Post AGM Statement
Lookers plc is publishing this Update Statement as required by the UK Corporate Governance Code in response to the votes received against the Directors’ Remuneration Report resolution at our 2019 AGM, at which 32.97% of shares voted were not in favour of the resolution on the Annual Report on Remuneration.
As reported, there has been a number of recent changes to the Board at Lookers, including the appointment of a new Chief Executive Officer and Chief Operating Officer. This has changed the focus of the policy review, and we are now in a position to provide this Update Statement.
The Board understands that the reason for the number of votes cast against was connected with an adjustment to the base salary of our previous Chief Executive Officer.
We consulted with a large proportion of our shareholder base in advance of the 2019 AGM, and many investors were supportive of the rationale for the adjustment to return the then Chief Executive Officer’s salary to a more market competitive position.

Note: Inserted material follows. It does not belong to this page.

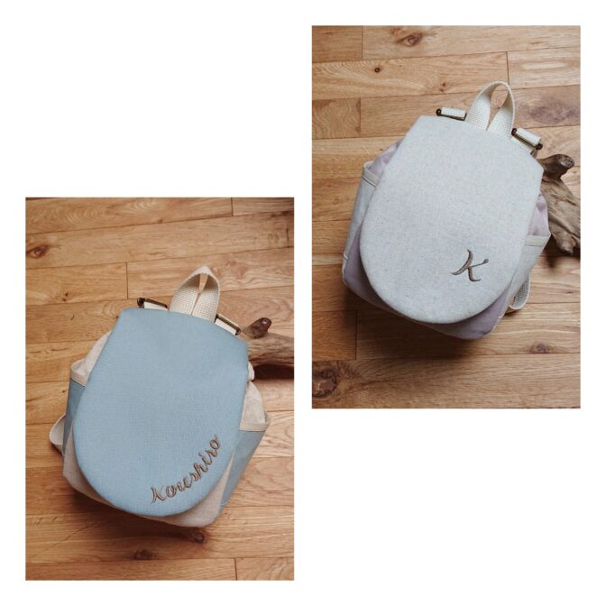 初めてのリュック、出産祝い、お誕生日ギフトにぴったりな世界でひとつだけのお名前刺繍入りのベビーリュックになります。
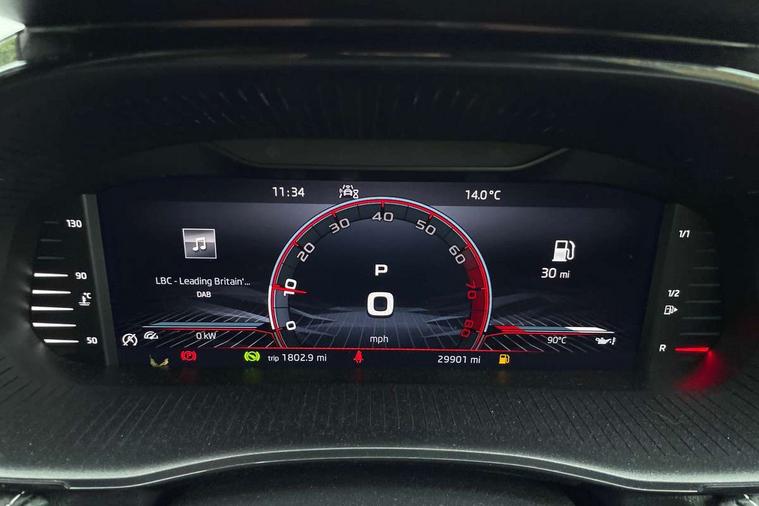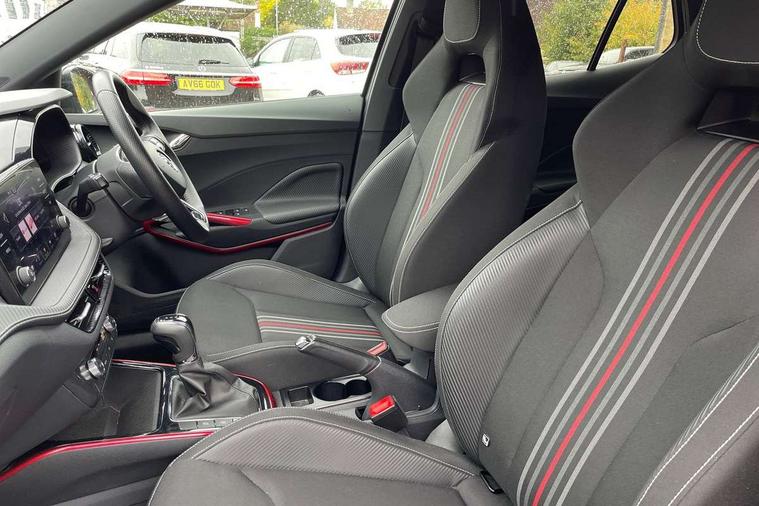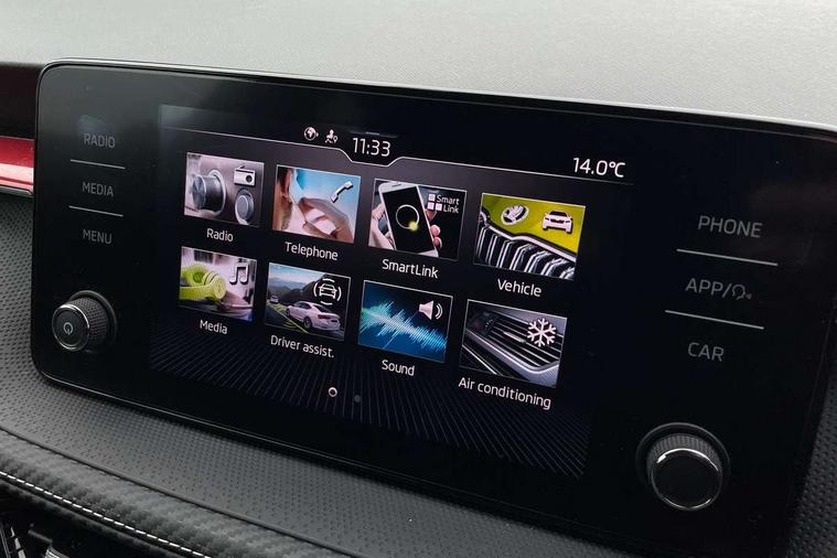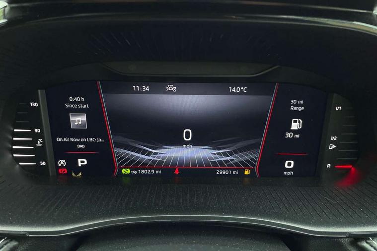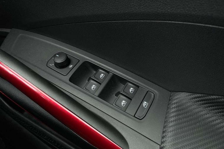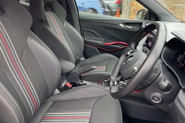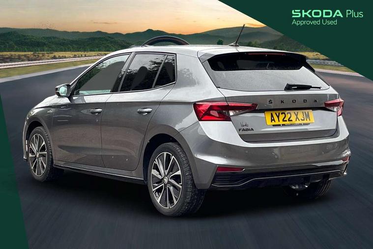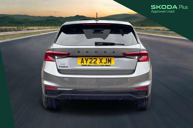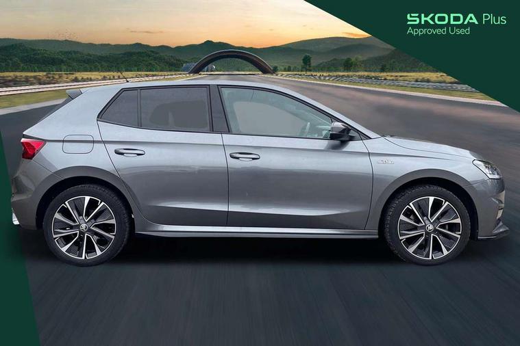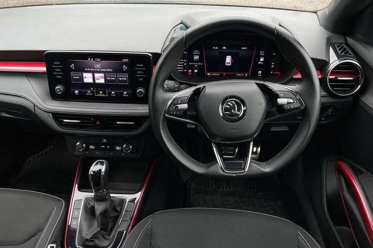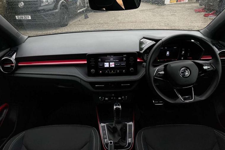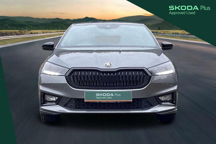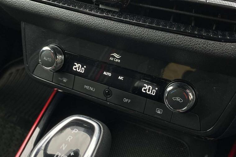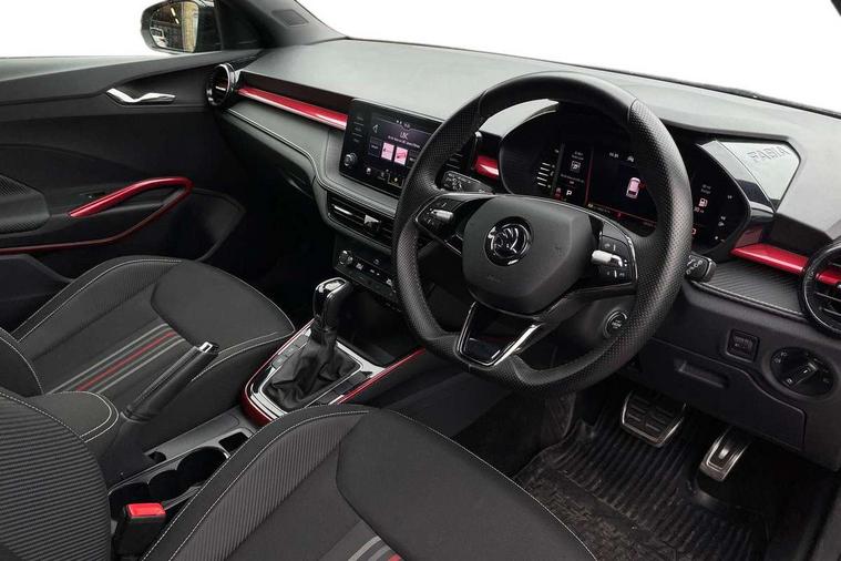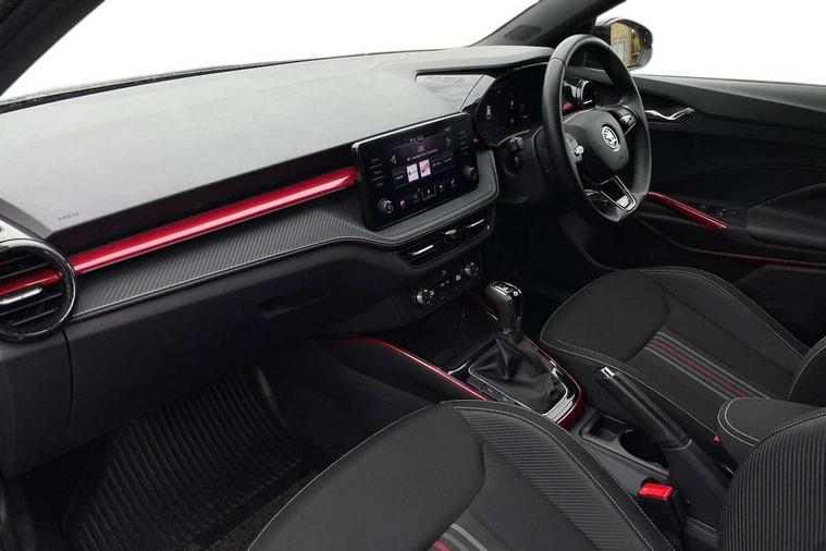 Bluetooth connection, Driver alert system - DAS, Electromechanical power steering, Exterior temperature gauge, Service interval indicator, 2x USB-C in the front (for data transmission and charging), 6 Speakers (4 in front and 2 in rear), Auxiliary socket for external MP3 player, Bolero radio with 8" colour display, DAB digital radio reception, Auto dimming rear view mirror, Basic rear lights, Black radiator grille, Body coloured bumpers, Door mirror integrated indicators, Electrically adjustable and heated door mirrors, Front and rear electric windows, Front window wiper intermittent control, Headlight range control - Automatic, Ice scraper in fuel cap, LED daytime running lights with coming and leaving home feature, Monte Carlo badging, Privacy glass, Rear LED fog light, Rear side wing doors, Rear window wiper with washing nozzles, Roof mounted spoiler, SKODA tailgate lettering in black, Sports bumpers, Third brake light, 3 rear headrests, Aluminium pedals, Backrest split and folding, Black headlining, Central console with removable cup holder and storage box, Chrome handbrake release button, Fabric/artificial leather upholstery, Front sports seats, Gearshift knob/handle in leather, Hand brake lever handle in leather, Height adjustable front headrests, Height adjustable steering wheel, ISOFIX and TopTether anchorage points to the outer rear seats, ISOFIX and TopTether on the front passenger seat, Luggage compartment lighting, Metallic painted red central console cover, Metallic red interior door handles, Monte Carlo door sills, Pollen filter, Rear seat bench unsplit, Single front passenger seat, Sun visors with mirror and airbag label on passenger side, Textile floor mats, Ticket holder, Umbrella in drivers door, Ambient lighting pack 2 - Fabia Hatchback, 3-point height adjustable front seats belts with pretensioner and force limiter, Automatic warning lights in case of crash, Driver and passengers airbag with switch off function, e-Call+, ESC including ABS, MSR, ASR, EDS, HBA and XDS, Front and rear seat belt warning, FRONT ASSIST (AEB City and AEB Inter Urban), Front side airbags, Head airbags, Hill hold assist, One tone horn, Pedestrian protection, Three rear 3-points safety seat belts with pretensioner and force limiter including stop function for outer rear seat belts, Tyre pressure monitoring system, Anti-theft alarm system including immobiliser, interior monitoring, backup horn, and towing protection, Carbon effect door and side trim panels, Carbon effect lower decorative trim with white stitching, Red metallic upper decorative trim, Anti-theft wheel bolts protection, Super-low rolling resistance tyres,

Following the AGM, we began the process of reviewing the remuneration policy for tabling at the 2020 AGM. We wrote to our major shareholders and have had a number of conversations during 2019 in relation to the review of policy. We have used the shareholder feedback received into the current remuneration policy proposals. While some details of the policy are to be finalised, it has been determined that no major changes will be made to the policy, but there will be a number of amendments to adopt provisions of the UK Corporate Governance Code and to reflect shareholder feedback that we have received, including:
- Adoption of more standard bonus deferral, expressed as a proportion of total bonus earned;
- Extension of the post-vesting holding period to cover the entire LTIP award;
- Introduction of post-cessation shareholding requirement;
- Reduction in pension provision for Executive Directors to 5% of salary;
- Strengthening of malus and clawback provisions; and,
- Introduction of underpins for incentives linked to customer and regulatory outcomes.
We will continue to develop the policy proposals and we are in the process of engaging again with shareholders to gain feedback and comments in advance of seeking shareholder approval for the new policy at the 2020 AGM. A summary of the changes made to the policy and their rationale will be provided in the 2019 Remuneration Report.
The Board and the Remuneration Committee are committed to keeping the remuneration policy under review and continuing their engagement with the Company's shareholders and their advisory bodies on these and other matters.